The best available blood test is the cell-based assay, which detects aquaporin-4 antibodies with about 76% sensitivity and 99% specificity. That high specificity means a positive result is very reliable, but the 76% sensitivity means about one in four people with the disease may test negative, so a negative result doesn’t completely rule it out.
MOG Antibody Disease
A subset of people who were once grouped under NMOSD actually have antibodies against a different protein called MOG (myelin oligodendrocyte glycoprotein). This condition, now called MOG antibody-associated disease, looks similar on the surface but behaves differently. MOG-positive patients are more often male, more frequently have bilateral optic neuritis (affecting both eyes at once, in roughly 73% of attacks), and tend to recover better. Their median disability scores are significantly lower than those of aquaporin-4 antibody-positive patients. Spinal cord lesions in MOG disease tend to sit lower, in the thoracolumbar region, while aquaporin-4 disease favors the cervicothoracic cord. MOG-positive patients are also much less likely to experience the prolonged nausea, vomiting, or hiccups typical of aquaporin-4 NMOSD.
What Happens Without Treatment
About 90% of NMOSD patients have a relapsing course, meaning attacks recur over time. Half experience their first relapse within a year, and 90% relapse within five years. Each attack carries the risk of permanent damage, and unlike MS, recovery between attacks is often incomplete. Without treatment, 50% of patients with relapsing NMOSD become blind in one or both eyes or need assistance walking within five years.
Treating Acute Attacks
When an attack occurs, the immediate goal is to stop the inflammation and limit permanent damage. The first-line treatment is high-dose intravenous corticosteroids, which broadly suppress the immune response. If symptoms don’t improve, or if the attack is severe, plasma exchange (plasmapheresis) is used. This process filters the blood to physically remove the harmful antibodies. A typical course involves five to seven sessions over 10 to 14 days, done daily or every other day.
Preventing Future Attacks
Long-term treatment focuses on preventing relapses, and this is where treatment has been transformed in recent years. Four targeted biologic therapies are now FDA-approved specifically for aquaporin-4 antibody-positive NMOSD, each blocking a different step in the inflammatory chain.

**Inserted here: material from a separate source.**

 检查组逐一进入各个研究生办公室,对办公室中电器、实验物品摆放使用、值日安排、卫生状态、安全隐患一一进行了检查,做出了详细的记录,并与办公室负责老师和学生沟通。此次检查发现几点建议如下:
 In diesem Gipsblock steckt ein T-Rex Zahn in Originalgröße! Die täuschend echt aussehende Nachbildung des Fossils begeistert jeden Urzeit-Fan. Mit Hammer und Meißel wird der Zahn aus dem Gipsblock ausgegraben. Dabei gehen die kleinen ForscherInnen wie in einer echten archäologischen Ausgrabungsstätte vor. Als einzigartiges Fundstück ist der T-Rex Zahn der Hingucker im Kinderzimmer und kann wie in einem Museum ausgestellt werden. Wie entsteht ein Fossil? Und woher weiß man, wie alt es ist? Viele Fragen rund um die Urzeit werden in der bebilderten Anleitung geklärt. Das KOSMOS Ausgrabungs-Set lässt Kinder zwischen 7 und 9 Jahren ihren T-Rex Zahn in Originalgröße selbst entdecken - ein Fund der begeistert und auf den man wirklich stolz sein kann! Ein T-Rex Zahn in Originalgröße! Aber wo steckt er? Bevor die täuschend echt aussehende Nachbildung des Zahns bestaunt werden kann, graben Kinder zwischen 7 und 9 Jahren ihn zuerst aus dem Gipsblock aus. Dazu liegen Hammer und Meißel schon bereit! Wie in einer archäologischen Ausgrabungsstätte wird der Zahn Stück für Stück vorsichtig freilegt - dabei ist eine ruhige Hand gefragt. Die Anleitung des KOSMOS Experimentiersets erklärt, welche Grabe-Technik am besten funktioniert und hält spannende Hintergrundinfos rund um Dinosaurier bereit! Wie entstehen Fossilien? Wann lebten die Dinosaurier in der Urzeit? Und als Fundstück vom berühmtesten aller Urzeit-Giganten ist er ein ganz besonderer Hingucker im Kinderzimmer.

Two of these therapies block complement protein C5, the same immune component that punches holes in astrocytes during an attack. In clinical trials, one reduced attacks by 94% compared to placebo, and the other, a longer-acting version, eliminated relapses entirely over a median follow-up of about 18 months, representing a 98.6% reduction in relapse risk.
A third option depletes B cells, the immune cells that produce the harmful antibodies, and reduced relapse risk by 77% overall and 79% in aquaporin-4 antibody-positive patients. The fourth blocks a signaling molecule called IL-6 that drives inflammation, reducing relapses by 74 to 79% in aquaporin-4 antibody-positive patients depending on whether it was used alone or alongside other immunosuppressants.

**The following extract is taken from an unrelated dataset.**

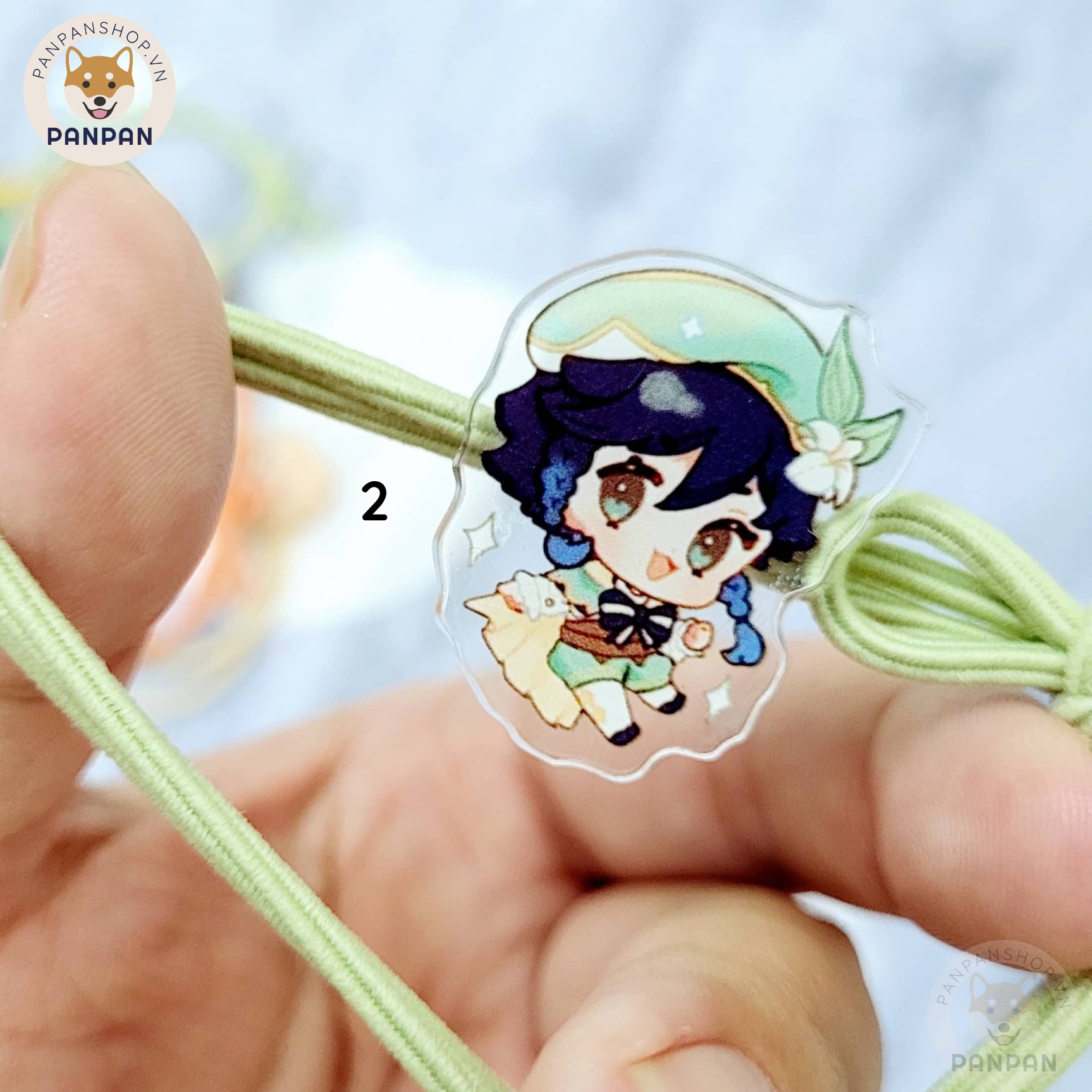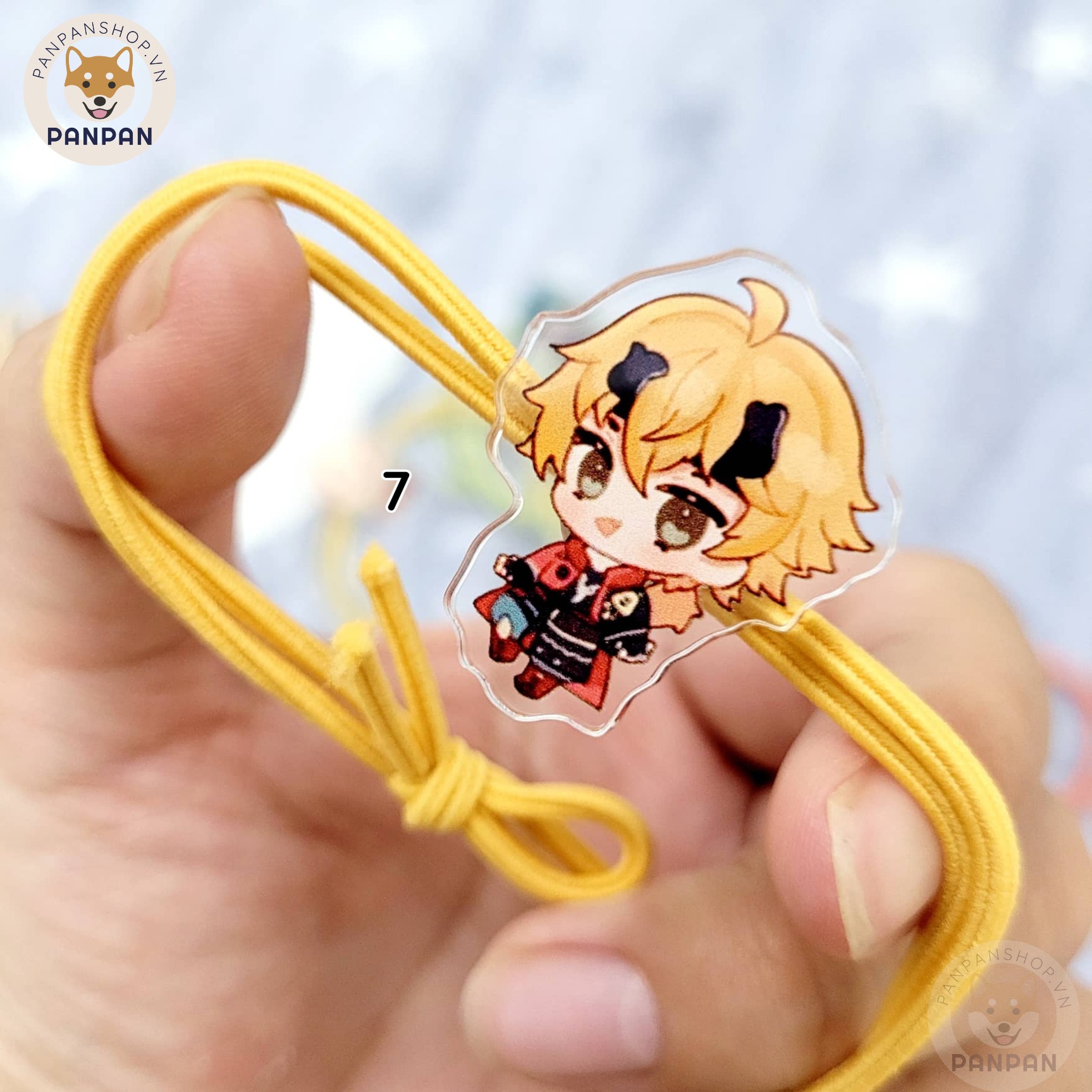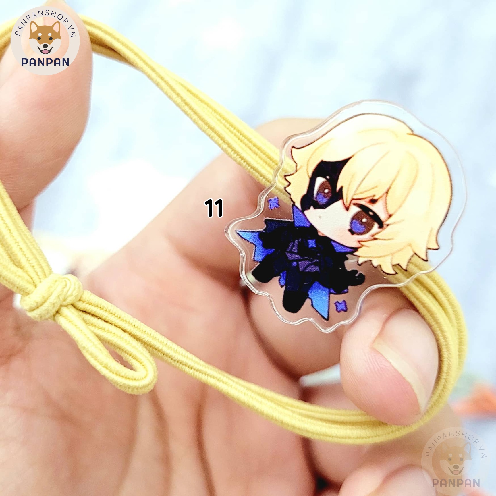- Chất liệu: Dây thun co giãn, charm acrylic 2 mặt chống nước

These therapies represent a major shift. Before their approval, doctors relied on general immunosuppressants borrowed from other conditions. The targeted drugs are more effective and, for many patients, have made the disease manageable in a way that was not possible a decade ago. All four are specifically approved for people who test positive for aquaporin-4 antibodies, and treatment decisions for antibody-negative patients remain more complex.